Samuel W. and M. Diane Bodman Professor in Chemical Engineering

Chemical and biological engineer Paulette Clancy is a member of a Cornell team that in 2015 modeled the membrane now found on Titan. The team says the discovery gets us closer to finding life in a truly alien environment.

Clancy says: 

“This paper is an exciting validation of the molecular simulation predictions in the Stevenson et al. paper in 2015. It shows the power of molecular simulation to ‘shine a flashlight’ onto the most promising candidates for prebiotic life in conditions that are difficult to emulate in the lab.

“This confirmation suggests that future collaborations between computational approaches and mining of the experimental data can lead to breakthroughs in understanding worlds alien to our own.”

Jonathan Lunine

Professor of the Physical Sciences

Astronomer Jonathan Lunine is a member of a Cornell team that in 2015 modeled the membrane now found on Titan. The team says the discovery gets us closer to finding life in a truly alien environment.

Lunine says: 

“Researchers definitively discovered the molecule, vinyl cyanide (a.k.a. acrylonitrile), that is our best candidate for a ‘protocell’ that might be stable and flexible in liquid methane.

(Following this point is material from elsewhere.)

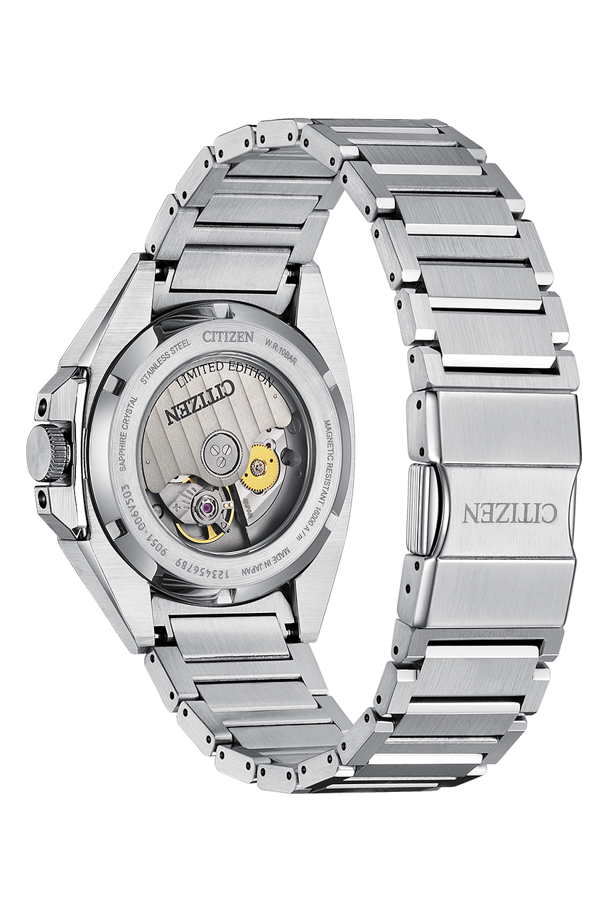 حرکت مکانیکی مقاوم در برابر مغناطیسی Cal.9051 مقاومت مغناطیسی: 16000 A/m عملکرد هک پشت کیف شفاف نمایش تاریخ ساخت ژاپن

“This is a step forward in understanding whether Titan’s methane seas might host an exotic form of life.

“Saturn’s moon, Enceladus is the place to search for life like us, life that depends on –  and exists in – liquid water. Titan, on the other hand, is the place to go to seek the outer limits of life – can some exotic type of life begin and evolve in a truly alien environment, that of liquid methane?”